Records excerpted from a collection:
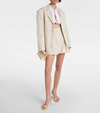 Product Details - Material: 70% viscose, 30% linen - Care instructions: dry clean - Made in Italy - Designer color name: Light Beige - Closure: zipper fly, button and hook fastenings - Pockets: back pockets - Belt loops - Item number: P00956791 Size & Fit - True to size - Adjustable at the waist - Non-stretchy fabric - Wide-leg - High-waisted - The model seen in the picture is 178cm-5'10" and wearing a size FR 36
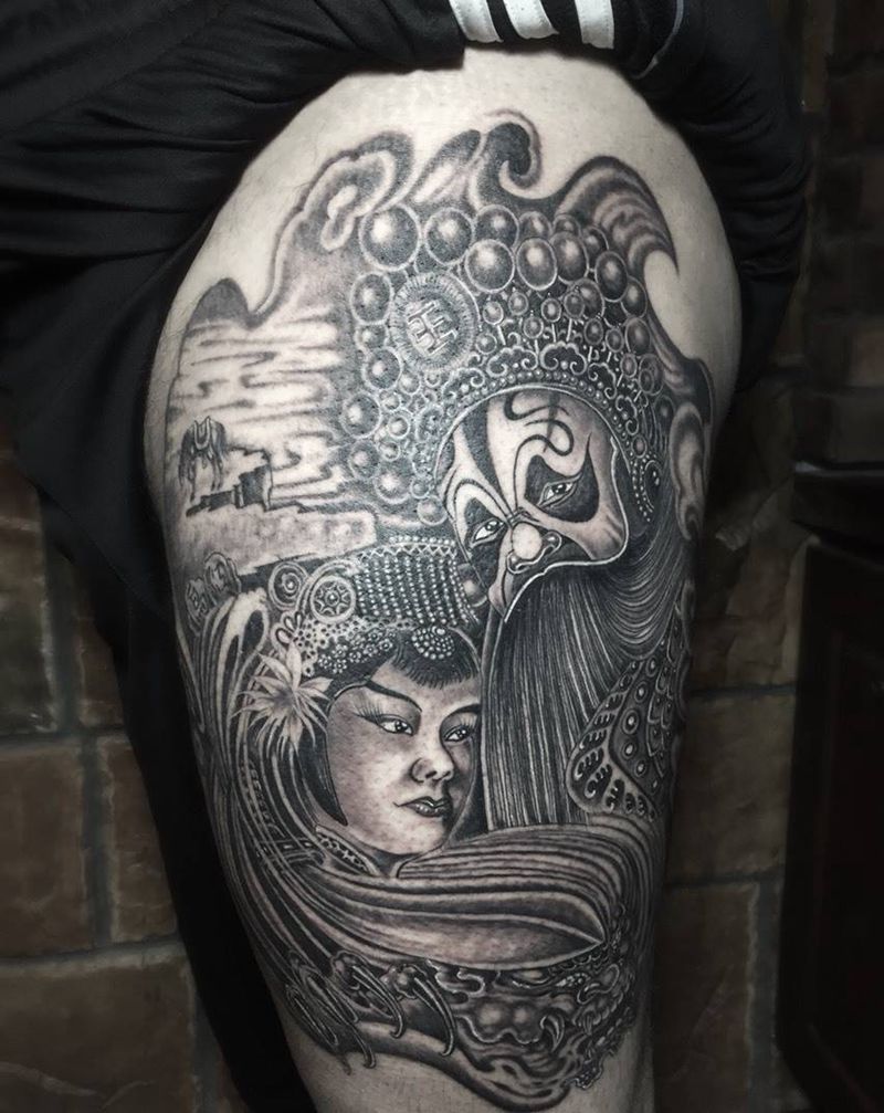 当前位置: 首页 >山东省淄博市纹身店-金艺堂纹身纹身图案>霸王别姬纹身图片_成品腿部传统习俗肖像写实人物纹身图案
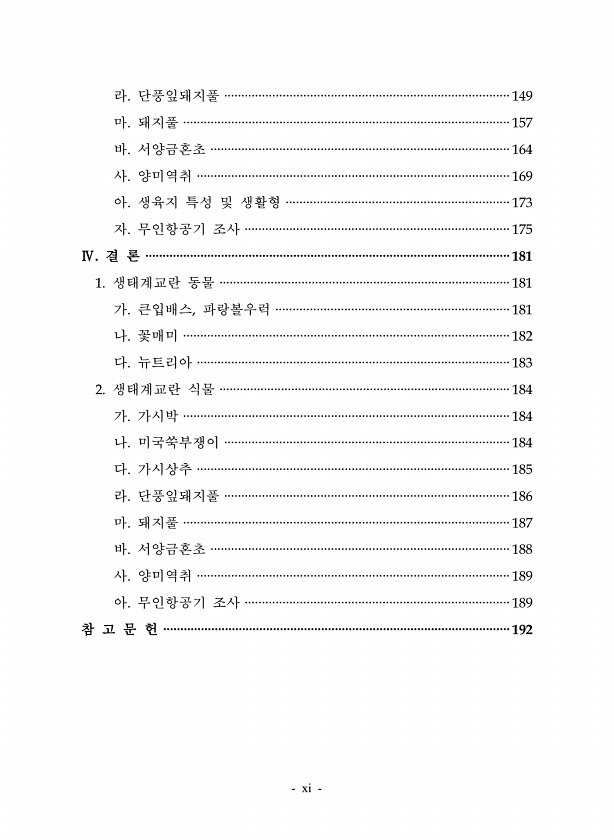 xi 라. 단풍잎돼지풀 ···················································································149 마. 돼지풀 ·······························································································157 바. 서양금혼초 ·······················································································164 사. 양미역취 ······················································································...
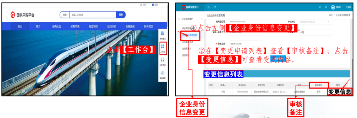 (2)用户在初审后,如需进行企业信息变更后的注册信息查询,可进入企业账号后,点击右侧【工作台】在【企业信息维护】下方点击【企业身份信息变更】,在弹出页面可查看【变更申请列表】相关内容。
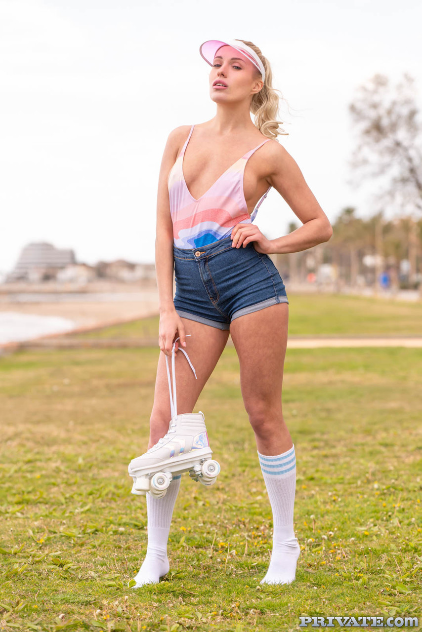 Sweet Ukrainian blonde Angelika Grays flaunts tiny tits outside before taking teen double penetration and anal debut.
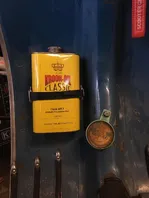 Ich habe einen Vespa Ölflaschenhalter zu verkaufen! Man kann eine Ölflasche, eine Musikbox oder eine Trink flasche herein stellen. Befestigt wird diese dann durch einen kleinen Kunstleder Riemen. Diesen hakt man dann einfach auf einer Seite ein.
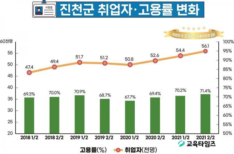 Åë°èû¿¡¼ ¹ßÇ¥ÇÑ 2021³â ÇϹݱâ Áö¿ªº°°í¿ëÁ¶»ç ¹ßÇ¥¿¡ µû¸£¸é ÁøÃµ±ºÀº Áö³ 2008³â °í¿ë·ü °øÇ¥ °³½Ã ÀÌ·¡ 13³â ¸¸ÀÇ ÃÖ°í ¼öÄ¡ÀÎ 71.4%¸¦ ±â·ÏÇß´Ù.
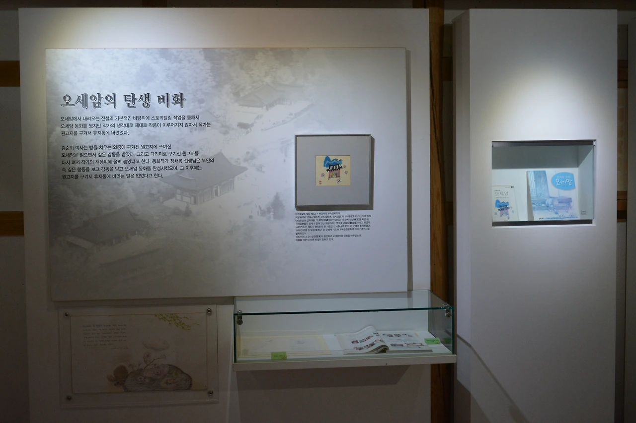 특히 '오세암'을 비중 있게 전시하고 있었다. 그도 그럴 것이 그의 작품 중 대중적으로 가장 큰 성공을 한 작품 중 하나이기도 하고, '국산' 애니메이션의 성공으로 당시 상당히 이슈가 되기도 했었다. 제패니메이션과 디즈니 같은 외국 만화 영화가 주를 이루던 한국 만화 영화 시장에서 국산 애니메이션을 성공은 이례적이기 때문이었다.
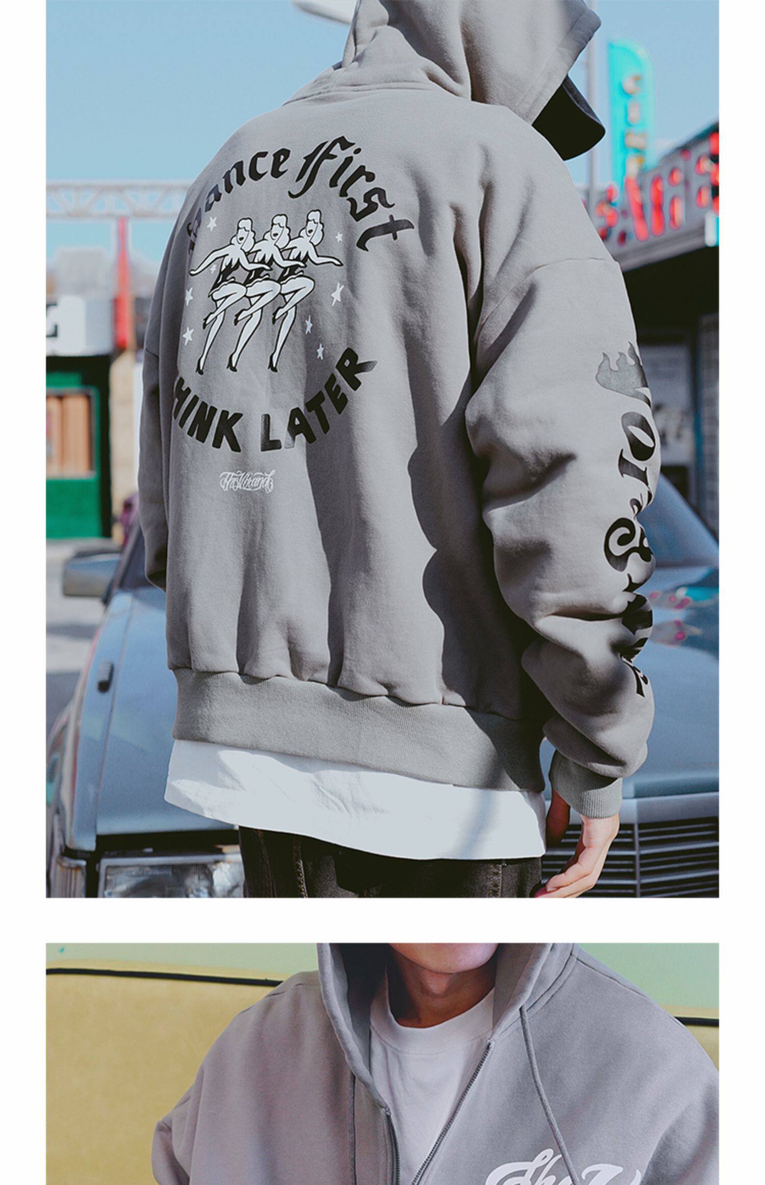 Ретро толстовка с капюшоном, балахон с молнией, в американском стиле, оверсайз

*PROBLEM DETAILS*: Copy the entries above exactly, but only the stretch from the line containing "xi 라. 단풍잎돼지풀" through the line containing "(2)用户在初审后,如需进行". Keep both end lines; drop the pictures.

*SOLUTION FOR THIS EXERCISE*:
 xi 라. 단풍잎돼지풀 ···················································································149 마. 돼지풀 ·······························································································157 바. 서양금혼초 ·······················································································164 사. 양미역취 ······················································································...
 (2)用户在初审后,如需进行企业信息变更后的注册信息查询,可进入企业账号后,点击右侧【工作台】在【企业信息维护】下方点击【企业身份信息变更】,在弹出页面可查看【变更申请列表】相关内容。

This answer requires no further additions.